TASK DIRECTIONS: Restate exactly, and only, the lines from the one with "Elegant sheer pink" through the end of the data, with both of those end lines kept. Drop any pictures.

* * *

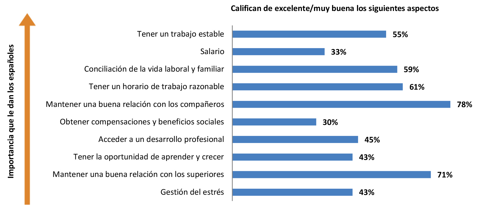 En España, la seguridad de tener un puesto de trabajo estable, el salario y la conciliación de la vida personal y laboral son por ese orden las cuestiones a las que más importancia dan los españoles a la hora de tener salud y bienestar en el trabajo. Sobre su percepción sobre su situación actual, los aspectos que mejor califican de sus empresas es la buena relación con los compañeros (78%), mantener una relación fluida con los superiores (71%) y tener un horario razonable (61%). Además, llama la atención el hecho de que el salario sea uno de los puntos considerados como muy importantes por los empleados pero que solo una tercera parte reconozca estar satisfecho con su sueldo mensual.
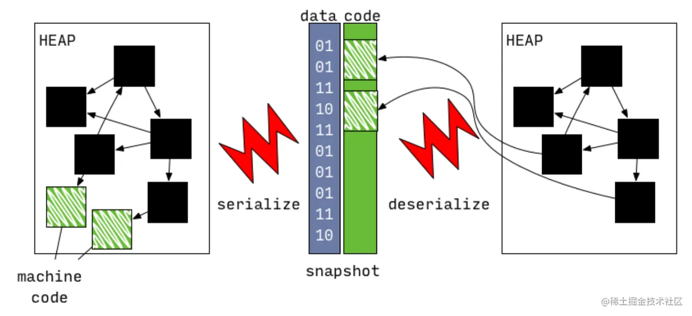 最初snapshot是不包含机器码的(如上图所示),但在后来的AOT模式中加入了这一特性,所以现在的snapshot在解析后不仅可以快速构建数据结构,还可以获得可执行代码,结构大致如下,其中machine code本身就是二进制的,所以并不需要特意序列化和反序列化。
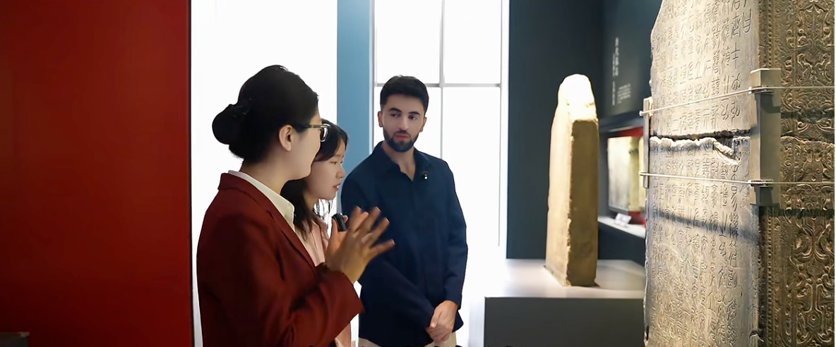 “这哪里是博物馆?分明是座用石头写就的史诗!”在西安碑林博物馆内,留学生小马感慨道。这座始建于北宋元佑二年的艺术圣殿,最初为守护唐《开成石经》而诞生,如今已发展为收藏4000余方碑石的书法宇宙。在“文明盲盒·拆出千年对话”活动中的《歪果仁的西安文博奇遇记》系列Vlog中,留学生成为文化摆渡人。
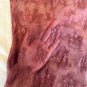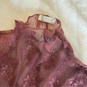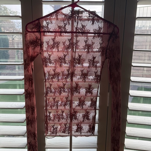 Elegant sheer pink lace top with long sleeves. Perfect for layering or a night out.
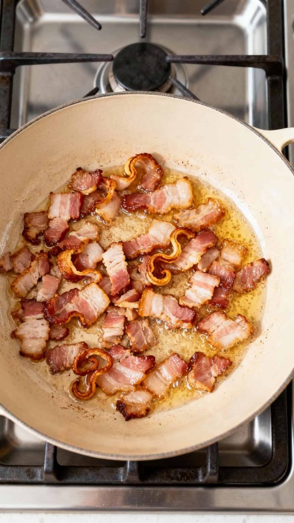 Add the chopped bacon to a large pot and cook over medium heat until crispy. Stir often. Once browned, remove with a slotted spoon and set aside. Leave about 1 tablespoon of bacon fat in the pot.
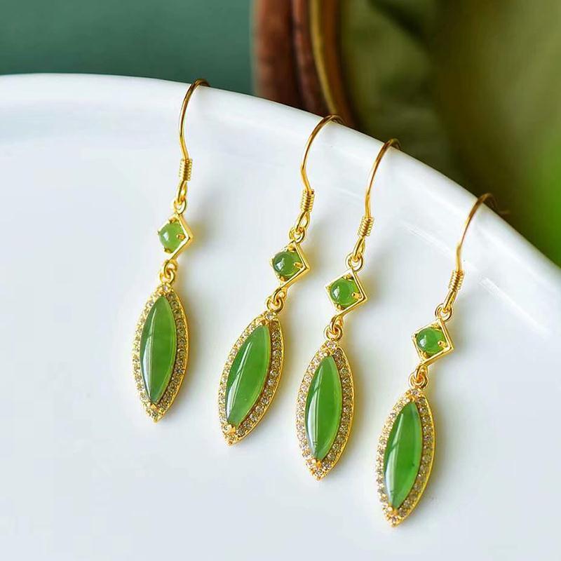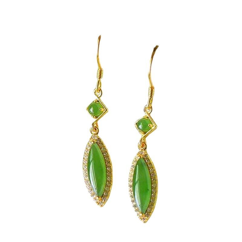Drop Earrings-Original Design Diamond Natural Hetian Jade Sun Green Leaf Long Earrings Exquisite Fresh Chinese Style Jewelry Ladies

* * *

SOLUTION TO THIS EXERCISE:
 Elegant sheer pink lace top with long sleeves. Perfect for layering or a night out.
 Add the chopped bacon to a large pot and cook over medium heat until crispy. Stir often. Once browned, remove with a slotted spoon and set aside. Leave about 1 tablespoon of bacon fat in the pot.
Drop Earrings-Original Design Diamond Natural Hetian Jade Sun Green Leaf Long Earrings Exquisite Fresh Chinese Style Jewelry Ladies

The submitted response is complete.